Since the recent bombing campaign in London, the police have been rather jittery, and have just shot an innocent man. Apparently he looked like a terrorist because he was wearing a coat and looked arabic.
Now various political types are promising an inquiry and saying how sad they feel, but defending the protocol. The problem is that noone really believes the armed rozzers didn't just shoot the guy without giving proper warning.

So what is really needed is a system of authentication to show whether the police behaved appropriately.
I propose a firearm for police which will enforce as far as possible the requirements, and also record sufficient data that this can be satisfactorally proved later (with viewing by selected upstanding members of the community as well as internally).

The gun incorporates a microphone and digital video camera, with some authentication system. (This isn't particularly novel.)
The gun will only fire if several conditions are met:
At least certain number of minutes have been recorded.
The image has been relatively stable for the last few frames.

These conditions may well be limiting for some gun usage, but for police use they are appropriate because armed police are expected to identify themselves and give a caution, and aim carefully, before they fire.
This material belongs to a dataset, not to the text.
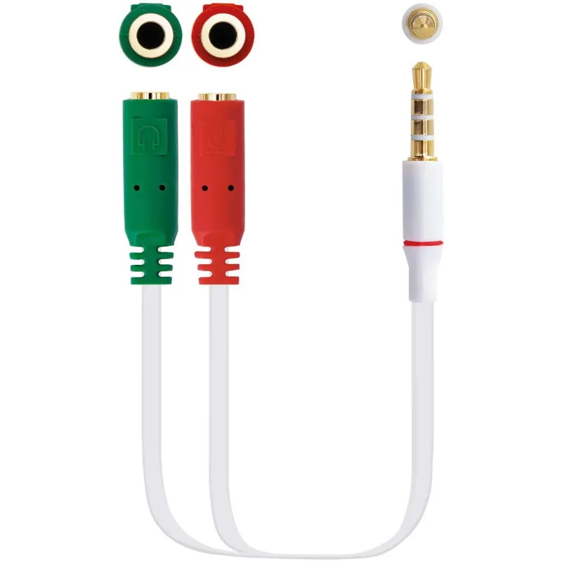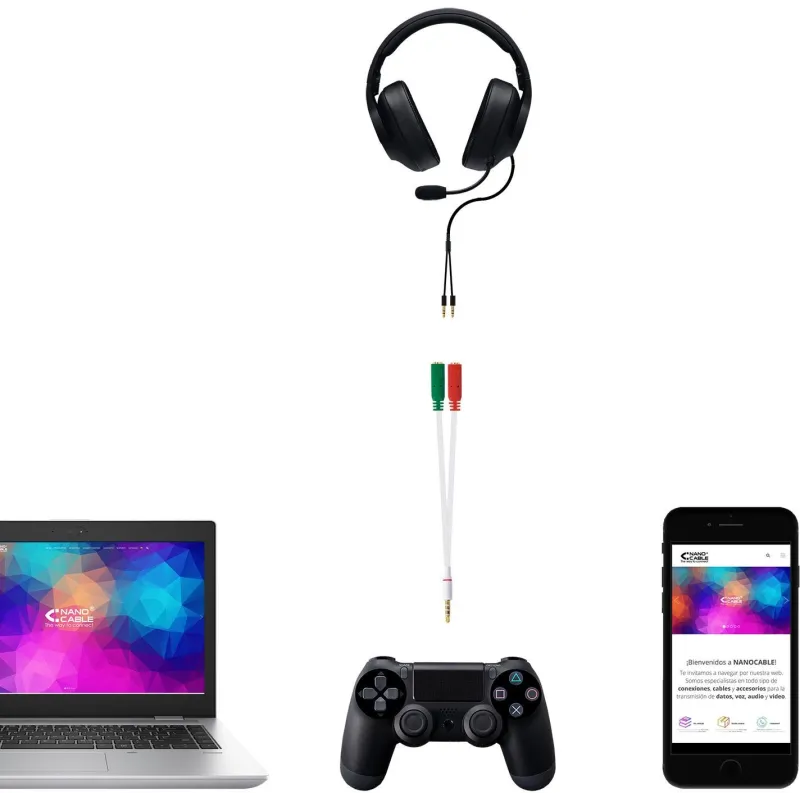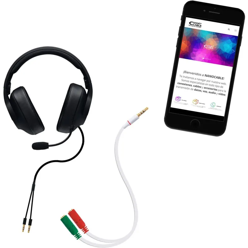 Este cable adaptador permite conectar auriculares y micrófono (headset) a cualquier dispositivo que disponga de un puerto de audio.

(update) The system can be manually overridden: the gun can be forced to fire, however the recording of sound and video cannot. This allows the officer to exert judgement and fire where necessary. Conditions must clearly be extreme for an officer to do so and escape recrimination.

If on examining the footage the police[wo]man is judged to have behaved outside the bounds of responsibility, then they can be severely punished, while if (as is usually claimed) they behaved appropriately, they can be completely exonerated and the community can retain confidence in the police.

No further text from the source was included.